The most important thing this build does is to create a bootstrap file named ariatemplates-x.y.z.js (x.y.z being the framework version) consisting of the crucial files necessary for proper functioning of the framework. This file can be then loaded on your page and you'll be able to play with the framework. The other files are copied nearly untouched to the target directory, and they'll be lazily loaded in the browser only at the time they're needed.

Release package

AT build contains one standard release package used to generate the distribution for all users who don't want to create their own release and are fine just using the standard one.

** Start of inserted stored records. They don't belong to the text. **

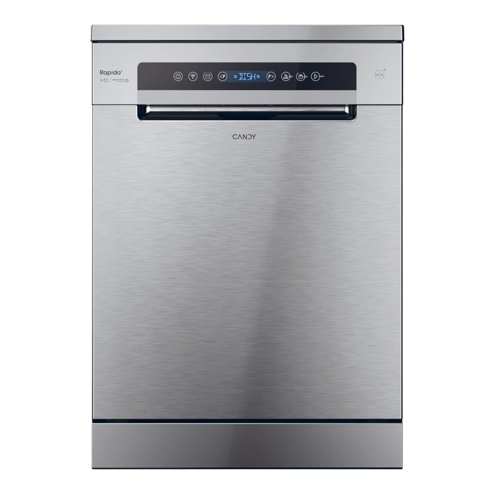 Candy Rapidò is the fastest and most spacious dishwasher on the market. It is equipped with a complete set of rapid programs for your needs, simplifying your day thanks to the MAXI-TUB, the largest washing space in a standard size, helping you load your kitchen items. Less washing time, more washing space. Candy Rapidò is based on the Speed Drive Inverter motor, the most innovative and durable motor, capable of increasing cleaning performance while reducing energy consumption. The new Candy Rapidò dishwasher is the most spacious on the market (standard size), offering maximum space for kitchen utensils, even the largest ones: trays, bread knives, salad bowls. The new Candy Rapidò dishwasher is equipped with a 49-minute program, capable of perfectly washing half a load, reducing consumption. The intelligent door opening system can be selected for all washing cycles of the new Candy Rapidò dishwasher. During the drying phase, the door will automatically open a few centimeters, allowing air to circulate in the dishwasher to allow the dishes to dry naturally. The duration of the selected cycle will be modified to allow the temperatures used during the rinsing phase to be optimized and to ensure a significant reduction in energy consumption. The new Candy Rapidò is smarter than ever, thanks to the hOn app. Just take a photo of the basket. By automatically detecting the quantity, type of material and position of the dishes, you get advice on how to optimize your dishwashing. You get the right, efficient and faster cycle for perfect results, saving time and money. This Candy washing machine allows you to delay the start of the washing program. Thus, you can set the start with a delay of 3, 6 or 9 hours. Candy dishwashers with inverter motors benefit from a 5-year warranty. No more worries with the Candy dishwasher! Thanks to its anti-leakage device, designed to guarantee the highest level of safety. In the event of errors or malfunctions, the safety valve immediately stops the water flow to prevent overflow.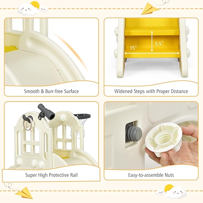 - 【Smooth & Safe Toddler Slide】 The widen and extended slide is scientifically designed with acceleration zone, deceleration zone and buffer zone to let your kids slide smoothly and land safely. Spacious slide provides unconstrained space for your children. In addition, the enhanced handrails on both sides increase extra security.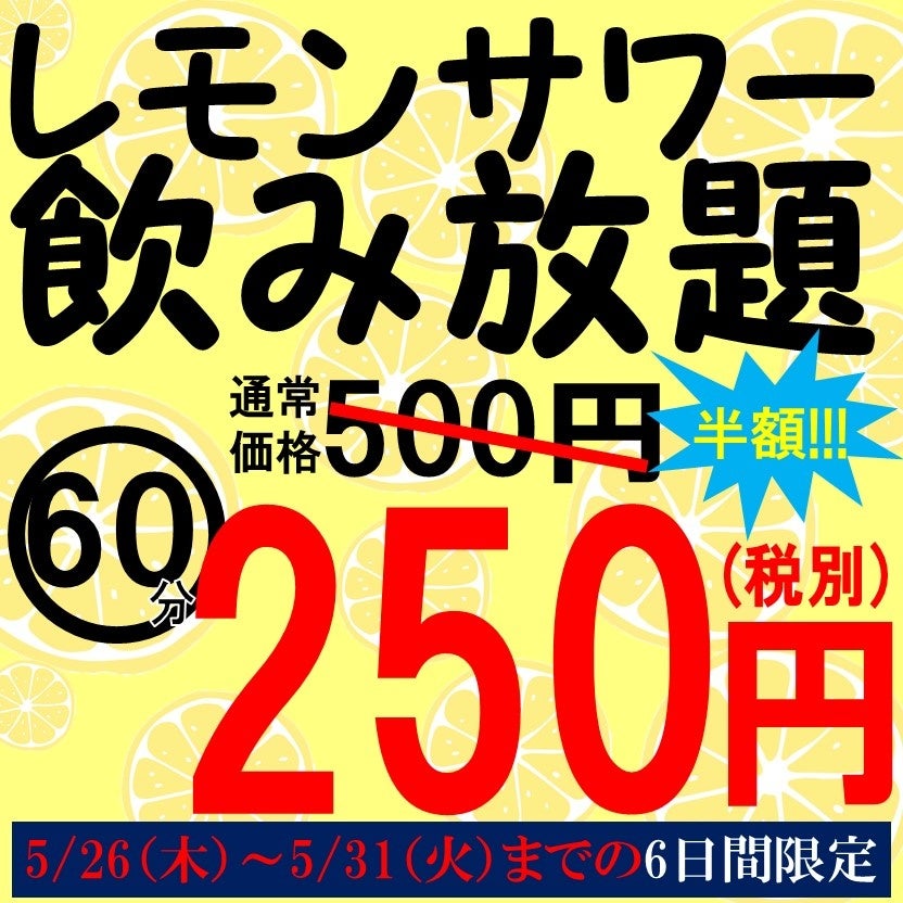 名物レモンサワー飲み放題が通常価格60分500円(税込550円)のところ、5/26(木)~5/31(火)までの6日間日間、60分250円(税込275円)でお楽しみいただけるキャンペーンを行います。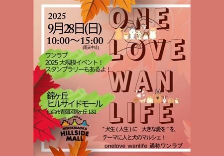 宮城県仙台市 錦ケ丘ヒルサイドモール 中庭にて、「One love Wan life ワンラブワンライフ」が2025年9月28日(日)に開催。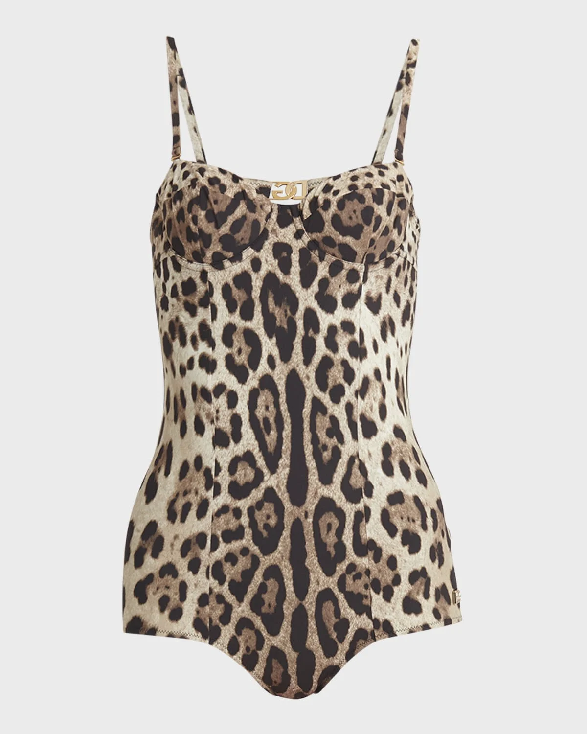 Dolceamp;Gabbana balconette onepiece swimsuit in an allover leopard print Sweetheart neckline Removable adjustable straps Structured cups with underwire support Midback DG clasps Back keyhole cutout Full seat coverage Nylon/polyamide/elastane Made in Italy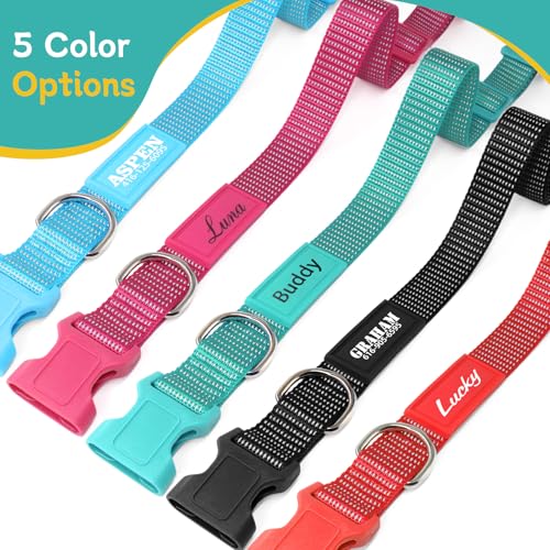 Custom Reflective Dog Collar with UV Printed ID Tag – Personalized Safety Collar for Small Medium Large Dogs, Adjustable Nylon Pet Collars (Reflective)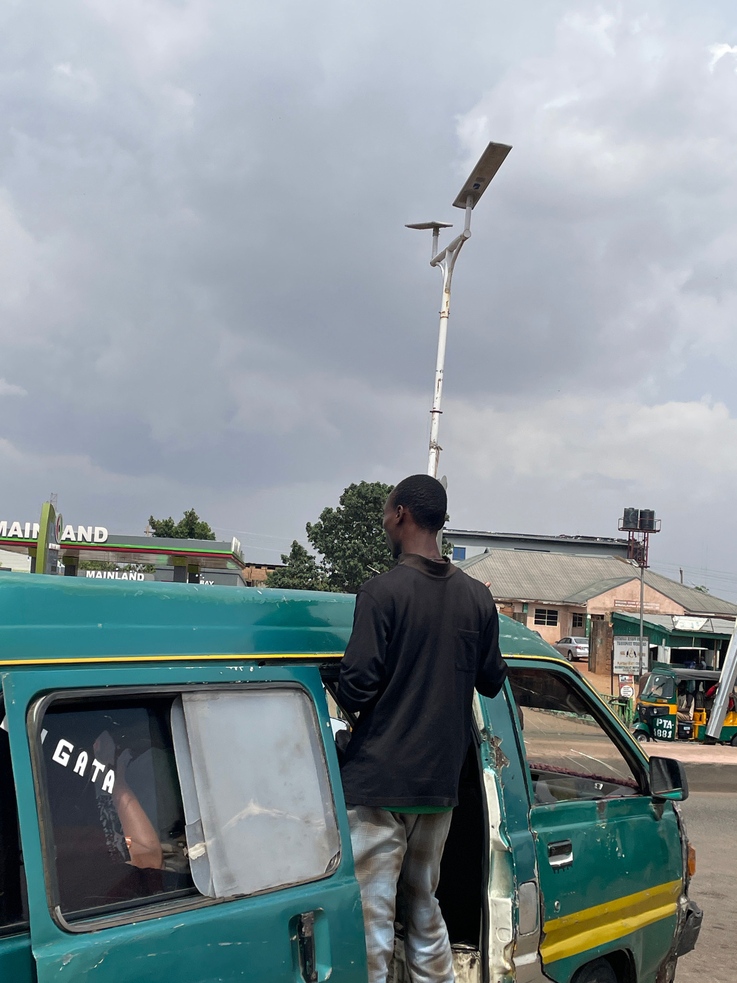 A medium-level, outdoor shot depicts a man standing in the open doorway of a green vehicle. He is wearing a black long-sleeved shirt and light-colored pants. The vehicle appears to be a commercial tra…read more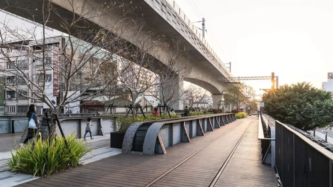 台中地区铁路高架化后,铁道空间与周边土地规划「 绿空铁道 1908」( 台中绿空铁道轴线计划 ),将那些因为铁路高架化而废弃不用的旧铁路空间进行再利用规划,巧妙地运用铁路交界处的轨道交叉模式进行配置,合理规划了人和自行车的流通动线,塑造了一条以人为本的绿z廊,并且重新定义 公园 概念,以景观都市主义的手法给台中旧城区带来新的活力。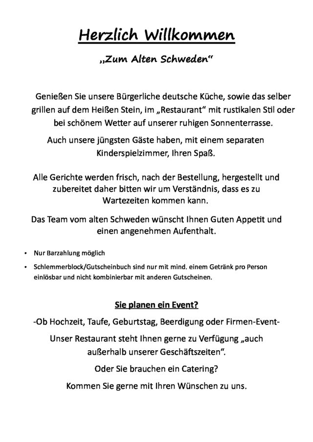 SUNĂ +497083924133Sie möchten essen gehen und sind auf der Suche nach dem geeigneten Restaurant? Dann kommen Sie zu uns ins "Restaurant Zum Alten Schweden". Unser Restaurant liegt sehr versteckt, im Dobeltal Bad Herrenalb, beim Autohaus Müller. Parken Sie bequem auf unseren kostenfreien Parkplätzen gegenüber vom Autohaus.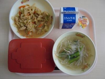 今日の給食の献立は、【ごはん・牛乳・チーズタッカルビ・もやしのスープ・みかんゼリー】でした。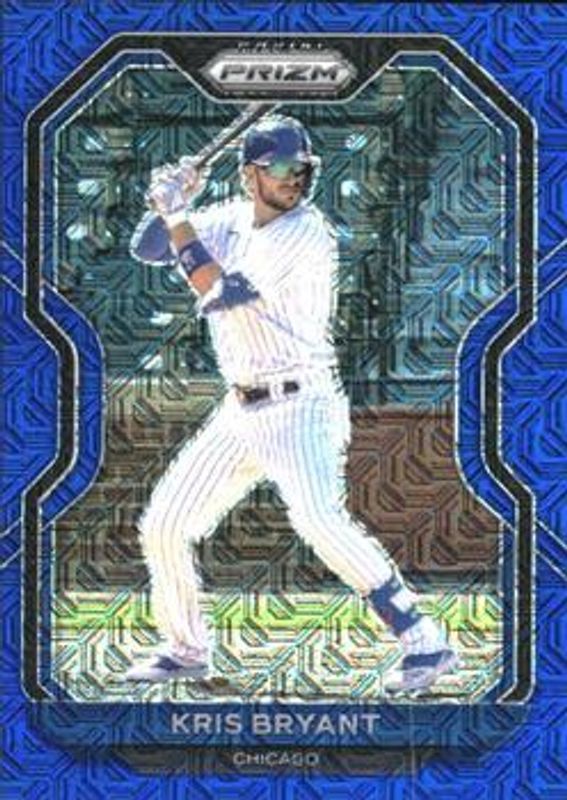 The Kris Bryant 2021 Prizm #3 Blue Mojo /199 card is 1 of 83 Kris Bryant's card variations in the 2021 Prizm set being tracked by Sports Card Investor, including Blue, Blue Velocity, Carolina Blue, Cosmic Haze, and Giraffe.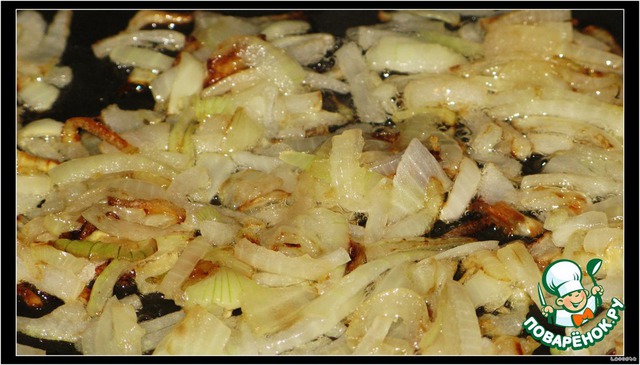 Режем репчатый лук и обжариваем до золотистого цвета.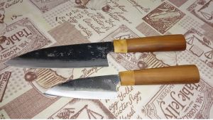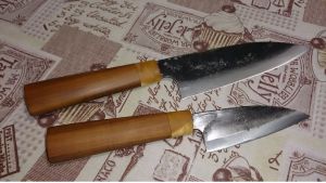 PUPSIN писал(a): Продам набор из двух ножей от японских кузнецов. Клинки покрыты лаком, с целью предохранения от коррозии. 3-х слойный ламинат внутренний слой (режущий) выполнен из твердой углеродистой стали SUJ-2 (Сталь конструкционная подшипниковая, аналог нашей ШХ15) сверху из SS41 (Сталь конструкционная углеродистая) Твердость: 62 HRC Двусторонняя заточка. Отличный рез, долго держат заточку. Большой Фунаюки длина~155мм, обух в середине ~1,9мм, ширина наибольшая ~45 Малый Овощной длина клинка ~100, обух в середине 1,7-1,8мм, ширина ~35 Рукояти из сувель березы и яблоня Цена 5000р продается только комплектом. Прошу блогеров не судить за фото,фотика у мну нету пользую телефон.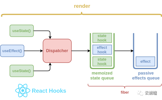 dispatcher 是一个包含了 hooks 函数的共享对象。它将基于 ReactDOM 的渲染阶段被动态地分配或清理,并且它将确保用户不会超出一个 React 组件去访问 hooks (https://github.com/facebook/react/tree/5f06576f51ece88d846d01abd2ddd575827c6127/packages/react-reconciler/src/ReactFiberDispatcher.js#L24)。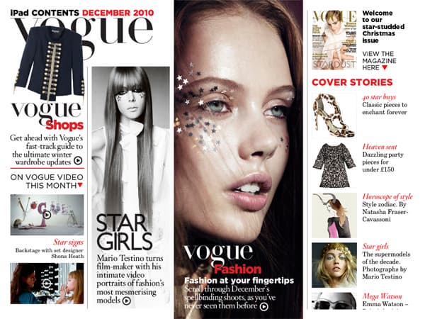 Style.com — замечательное приложение, очень удобное и приятное. Однако, оно не содержит уникального контента, который бы не был доступен просто через браузер. Совсем иное дело — iPad-версия Vogue UK, британской версии главного журнала о моде. До недавнего времени Vogue игнорировал iPad (тогда как другой журнал того же издательского дома — GQ — одним из первых сделал iPad-версию), но, как оказалось, эта неторопливость объяснялась перфекционизмом и стремлением предложить пользователям iPad наиболее совершенно приложение, достойное славного имени печатного журнала.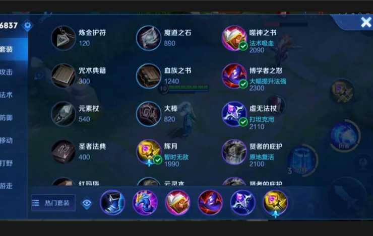 然后我们出装直接是秘法之靴,回响,噬神之书,帽子,虚无法杖和辉月。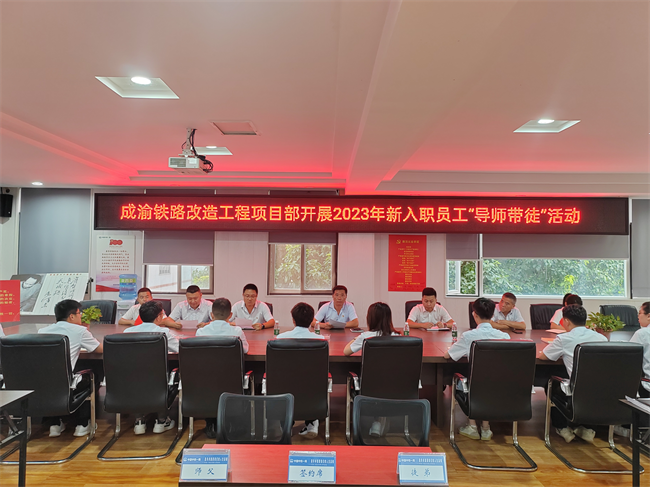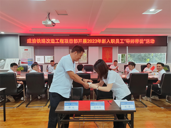 8月25日下午,中铁一局七公司成渝项目部举行导师带徒结对仪式,项目领导班子、各部室负责人及主要管理人员出席活动(重点对象为新入职大学生),支部书记王涛主持仪式。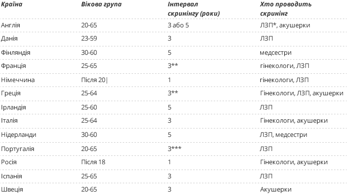 * ЛЗП (лікарі загальної практики) ** через 1 рік, після 2 негативних результатів, кожні 3 роки *** через 1 рік, після 1 негативного результату, кожні 3 роки Між цими програмами є як схожість, так і відмінність. По рівню організації - в Фінляндії, Англії, Германії, Люксембурзі, Нідерландах, Швеції - це національні програми. По рокам впровадження – 1960 рік - Швеція, 1963 рік - Фінляндія, 2000 рік - Ірландія. Інтервали скринінгових обстежень в різних країнах від 1-го до 5 років. Наприклад в Австрії, Германії - це 1 рік, Англії, Фінляндії, Нідерландах - 5 років, в Бельгії, Данії, Швеції - 3 роки. Віковий діапазон жінок, які підлягають скринінгу, в більшості країн від 20-25 років до 60 років. Скринінг проводиться, як лікарями гінекологами, так і лікарями загальної практики, медсестрами, акушерками. Більшість програм має державне фінансування [11,12,13,14,15]. Сьогодні основні зусилля європейських країн спрямовані на поліпшення нині діючих програм, трансформація регіональних програм в національні, встановлення єдиних критеріїв якості та пошук нових методологій. Так, в Швеції впроваджено пілотний проект виявлення вірусу папіломи людини , як методу скринінгу. Результатом 30 річного впровадження цитологічного скринінгу в Фінляндії, стало зменшення захворюваності на рак шийки матки з 15 до 2,8 на 100 000 жіночого населення, а смертності з 7 до 0,8 на 100 000 жіночого населення. Слід підкреслити, що однією з основних скринінгових процедур програми скринінгу на РШМ, залишаються цитологічні дослідження мазків з шийки матки. Однак цитологічні дослідження мазків з шийки матки залишаються однією з основних скринінгових процедур програми скринінгу на РШМ. Цитологічний скринінг раку шийки матки принципово відрізняється від інших видів скринінгу. Будучи по суті діагностичним тестом, він не направлений на діагностику клінічних форм РШМ. Основна мета цитологічного скринінгу полягає в виявленні передпухлинної патології та доклінічних стадій раку шийки матки, своєчасному їх лікуванню та профілактиці РШМ. Критерієм ефективності цитологічного скринінгу раку шийки матки служить зниження захворюваності і смертності від раку даної локалізації [3,10]. Цитологічний скринінг не може виключати вплив етіологічних факторів виникнення РШМ, він тільки перериває патологічний ланцюг передрак-рак. Тому навіть в тих розвинутих країнах, де програми скринінгу дозволили суттєво знизити захворюваність і смертність від РШМ, продовжується інвестування в ці програми [4,7,8]. Призупинення або скорочення програми скринінгу призводить до реалізації патологічного ланцюга передрак-рак, і як результат зростання захворюваності РШМ і повернення її до рівня, який передує впровадженню програми скринінгу РШМ [5]. Сьогодні в Україні створена розгалужена мережа цитологічічних лабораторій. В 2002 р. по даним МОЗ України в Україні функціонує 58 централізованих цитологічних лабораторій. В 1976 р. їх нараховувалось – 3, в 1979 р. – 28, 1987 р. – 57, 1997 р.- 66, 1999 р. – 63, в яких виконано 19 053 433 цитологічних досліджень (в 1979 р. – близько 4 млн.). Проте охоплення жіночого населення України програмами скринінгу РШМ сьогодні не перевищує 30%. Якщо врахувати, що цитологічний скринінг згідно рекомендацій ВОЗ проводиться 1 раз в 3 роки, то кількість цитологічних досліджень при профілактичних гінекологічних оглядах жінок, які виконуються в Україні, зн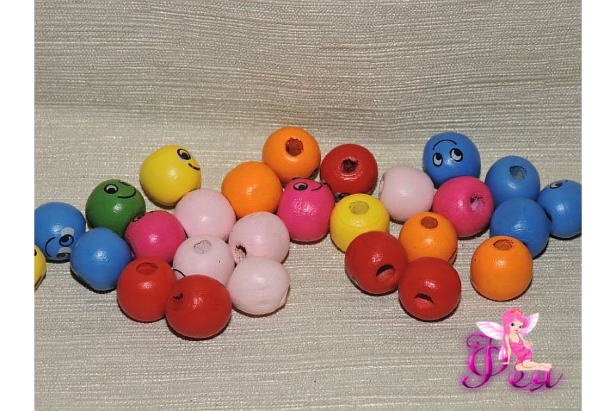 Бусина деревянная круглая "Улыбка" 14 мм -1 шт., 710-304, Китай, Бусины

  • The production release config is build/build-os-prod.js
  • Launching the production build with Grunt goes like > grunt releaseOsProd
  • Running Grunt will produce a build/target/os-production directory

The release build introduces various additional tasks:

  • packager creates logical packages (aka "multipart files") from sets of files commonly used together
  • the output is minified using UglifyJS
  • atmapreader and atmapwriter take care of adding URL map to the bootstrap file.

What and what for are the maps?

AT multipart files are downloaded by AT's DownloadMgr thanks to a urlMap. Without this map, AT wouldn't know in which package a specific class a.b.C was located.

Of course, it would be completely fine for someone to load packaged files in a page using <script> tags, as long as dependencies are in the right order. However, it is advised to use the multipart (and therefore map) mechanism because this way, dependencies are resolved automatically on the client side.

Here, the configuration file is build/config/urlmap.json.

TODO: more documentation on packaging, URL map, DownloadMgr.